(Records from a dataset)
━━━━

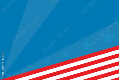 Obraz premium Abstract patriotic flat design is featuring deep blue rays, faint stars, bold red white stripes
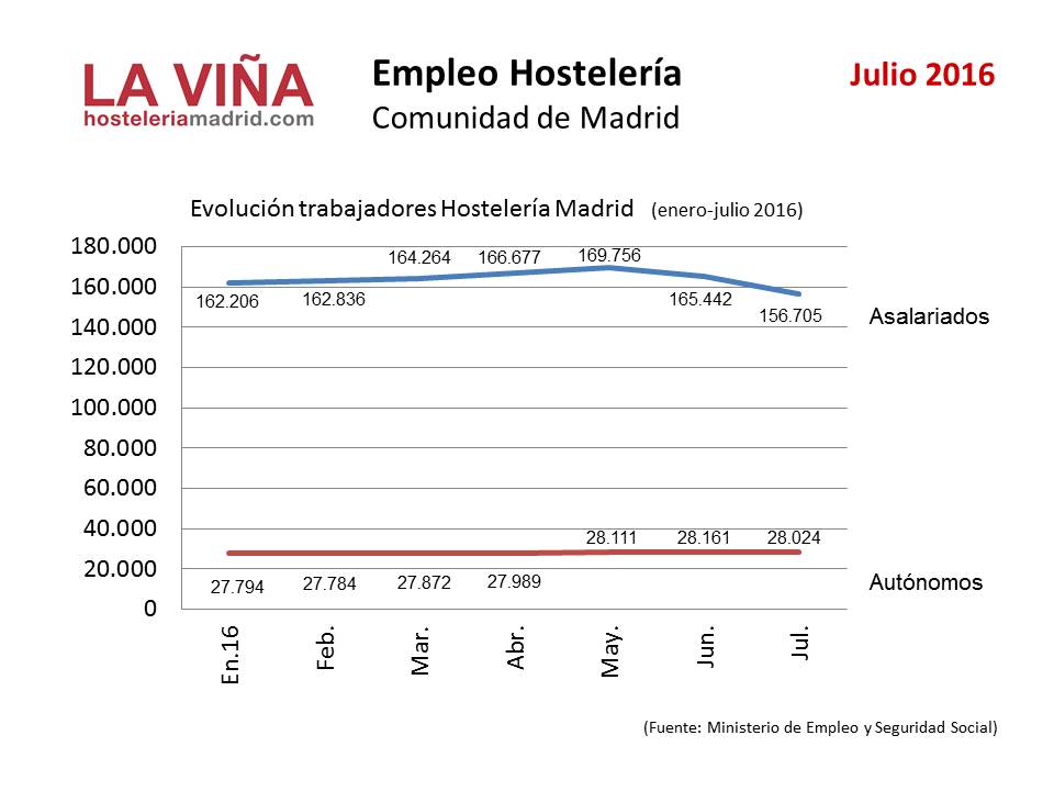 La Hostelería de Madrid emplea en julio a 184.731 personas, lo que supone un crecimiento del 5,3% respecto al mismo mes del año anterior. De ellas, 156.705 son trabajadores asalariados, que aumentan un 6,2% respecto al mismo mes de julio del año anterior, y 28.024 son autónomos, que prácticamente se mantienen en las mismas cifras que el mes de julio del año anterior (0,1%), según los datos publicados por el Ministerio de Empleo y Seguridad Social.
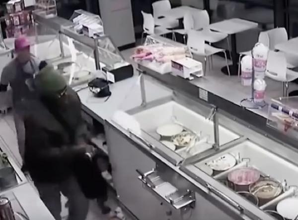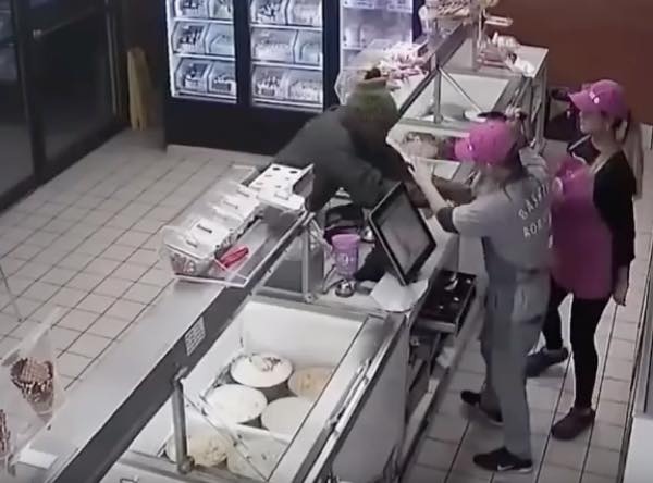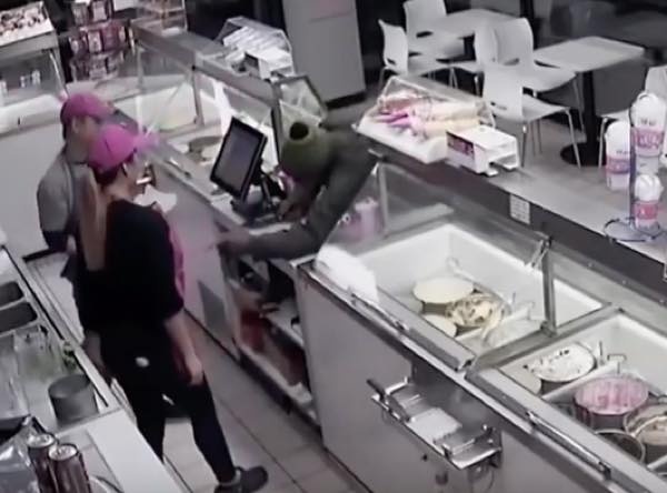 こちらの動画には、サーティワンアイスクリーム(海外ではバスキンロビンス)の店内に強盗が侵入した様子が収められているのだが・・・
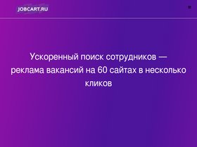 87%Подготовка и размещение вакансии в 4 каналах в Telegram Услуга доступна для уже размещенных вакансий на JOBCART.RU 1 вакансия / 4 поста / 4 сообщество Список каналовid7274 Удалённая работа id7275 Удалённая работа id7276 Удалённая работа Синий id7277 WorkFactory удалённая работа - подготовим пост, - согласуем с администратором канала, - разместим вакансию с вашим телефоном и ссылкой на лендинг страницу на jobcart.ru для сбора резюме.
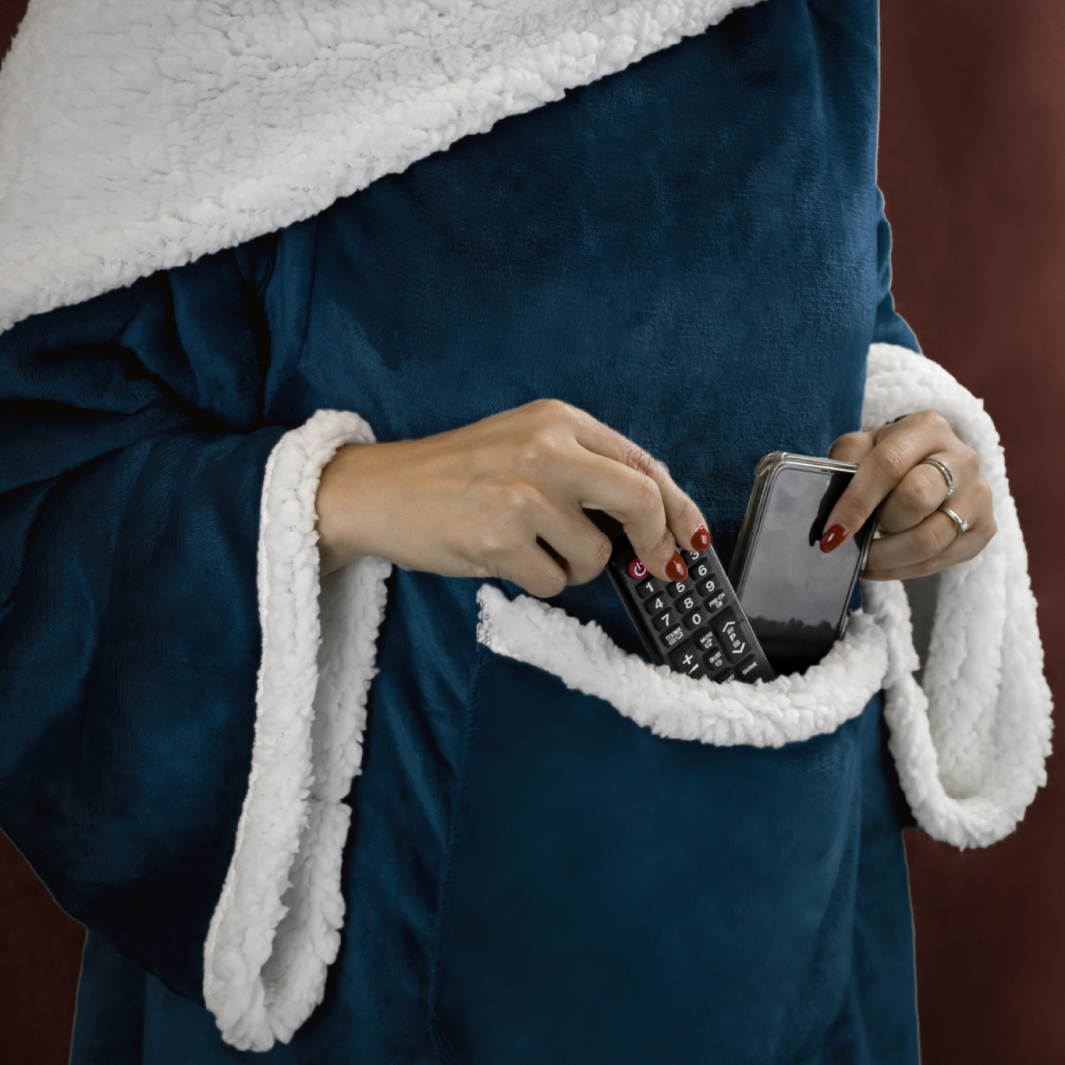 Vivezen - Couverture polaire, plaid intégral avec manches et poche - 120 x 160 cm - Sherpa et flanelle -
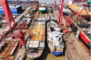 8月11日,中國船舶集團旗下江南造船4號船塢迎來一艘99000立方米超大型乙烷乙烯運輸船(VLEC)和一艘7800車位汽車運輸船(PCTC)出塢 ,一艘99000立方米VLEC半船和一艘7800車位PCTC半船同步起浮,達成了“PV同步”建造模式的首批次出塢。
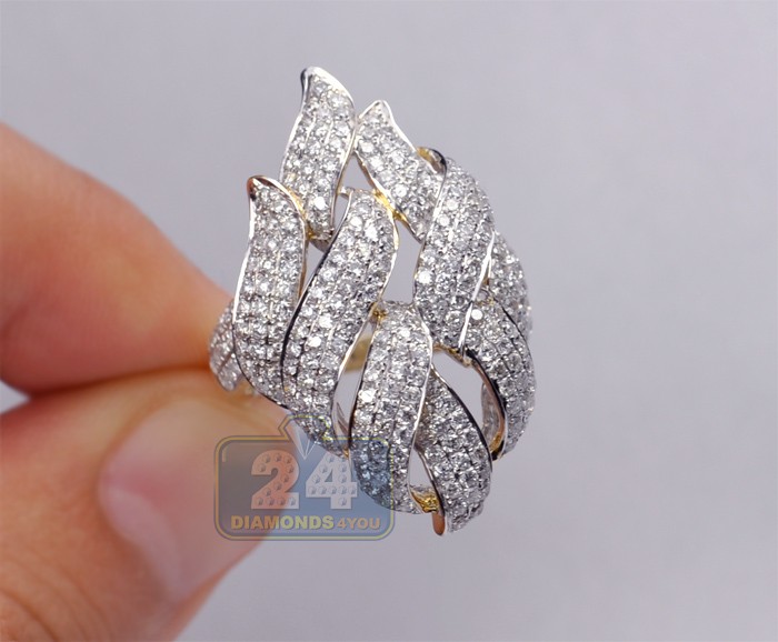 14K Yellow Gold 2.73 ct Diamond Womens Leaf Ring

━━━━

PROBLEM TO WORK ON: Please retype only the lines from the line that holds "Vivezen - Couverture" through the end of the records, exactly as they stand, and drop every picture.

EXERCISE RESPONSE:
 Vivezen - Couverture polaire, plaid intégral avec manches et poche - 120 x 160 cm - Sherpa et flanelle -
 8月11日,中國船舶集團旗下江南造船4號船塢迎來一艘99000立方米超大型乙烷乙烯運輸船(VLEC)和一艘7800車位汽車運輸船(PCTC)出塢 ,一艘99000立方米VLEC半船和一艘7800車位PCTC半船同步起浮,達成了“PV同步”建造模式的首批次出塢。
 14K Yellow Gold 2.73 ct Diamond Womens Leaf Ring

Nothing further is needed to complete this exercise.